Posting to RadCat
On 6/19/2014 5:58 AM, Ron Miller wrote:
When I was creating these types of products to sell to libraries, my solution was to allow the user to use the single search box that Google has conditioned them to think they know how to use, but to craft the algorithm to transparently weight our subjects and other metadata to appear at the top of the results set. Librarians are correct that users prefer a single search box, but I tried to set it up so that without realizing it they were returned results with subject level accuracy automatically. Of, course, that means that someone does have to pay the freight to hire subject experts to create and implement the vocabulary, though are some poseurs out there claims to get subject headings from software. Librarians can make the arguments about user preferences that you site, but they must realize that these efforts have nothing to do with what works best for users. It’s entirely about maximizing return to the corporations that are creating these products.
Yes. The world of interest to the users/searchers has always been greater than the world of the library catalog. Anybody who wanted to do at least half-way comprehensive searching has always had to go far beyond the catalog: to subject indexes, to journal articles and so on. To do so however, you always had to look in many more places than in the catalog and there is nothing new in this respect. What is new is that you can search it all with a single search box.
I like analogies, so I try to compare the situation to someone who works in a multi-story office building and is told to find the information in the company on a specific person.

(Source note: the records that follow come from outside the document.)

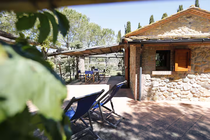 Upon arrival, you will enter your stone house, furnished in Tuscan style, with a double bed and a sofa bed in the living area. It has all the necessary comforts: air conditioning, free Wi-Fi, a fully equipped kitchen, a refrigerator, a wardrobe, a private bathroom with shower, toiletries, a hairdryer, an outdoor patio and a private garden.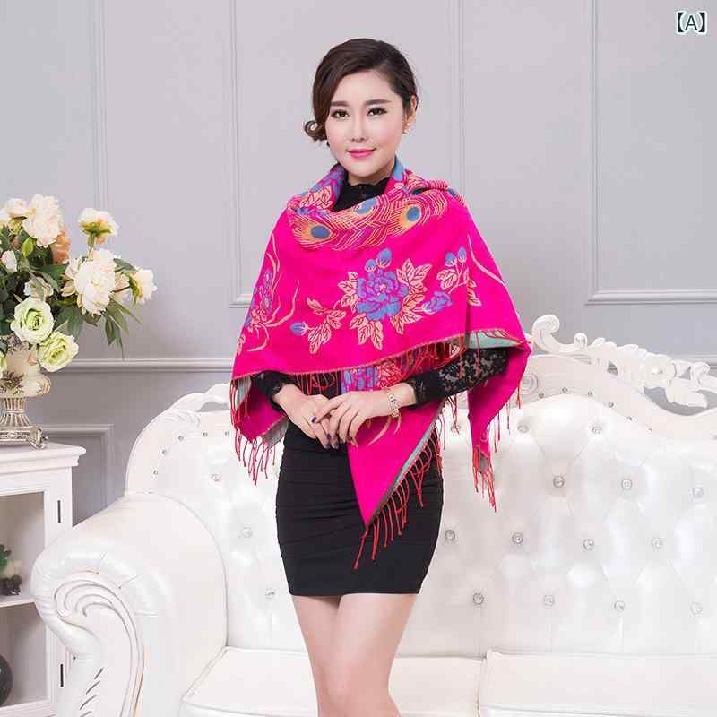 ・カテゴリ: ショール・性別: レディース・素材: フェイク・スタイル: レトロエスニック・柄: 花柄・要素: フリンジ・形状: スクエア・サイズ: 約135cm x 135cm・織り方: 経編・加工方法: ジャカード織り・機能: 保温・対象年齢: 成人・カラー展開: ローズレッド、レッド、ピンク、ロイヤルブルー、パープル、ピーコックブルー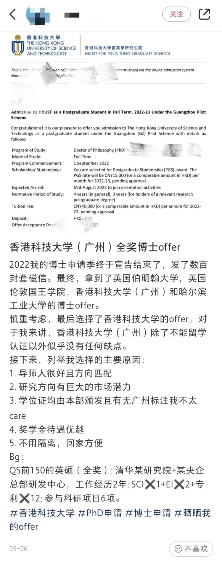 网友晒香港科技大学(广州)Offer。/小红书截图

To do that, you would have to go onto each floor and into each office to search everybody’s file cabinets. Also, the way the files are arranged in each cabinet may be completely different from one to another. One cabinet may arrange employees by surname and forename, another may arrange by date of employment, another by department, another by employee number, another in some totally different way. In any case, it would be a lot of work to go from office to office to search through all of the hundreds of filing cabinets.
To make things easier for you, you could get the workmen to move all of the filing cabinets into a single room. While that would help you in a physical sense in that you would only have to go to one room and not all over the building, it would not help so much in any other way because you will still have to search each filing cabinet separately, knowing each one’s peculiarities. If you really wanted to make it “one search” for all information for employees, you would have to merge all of the files into a single sequence. That would be the real work–not just moving all of the cabinets into one room!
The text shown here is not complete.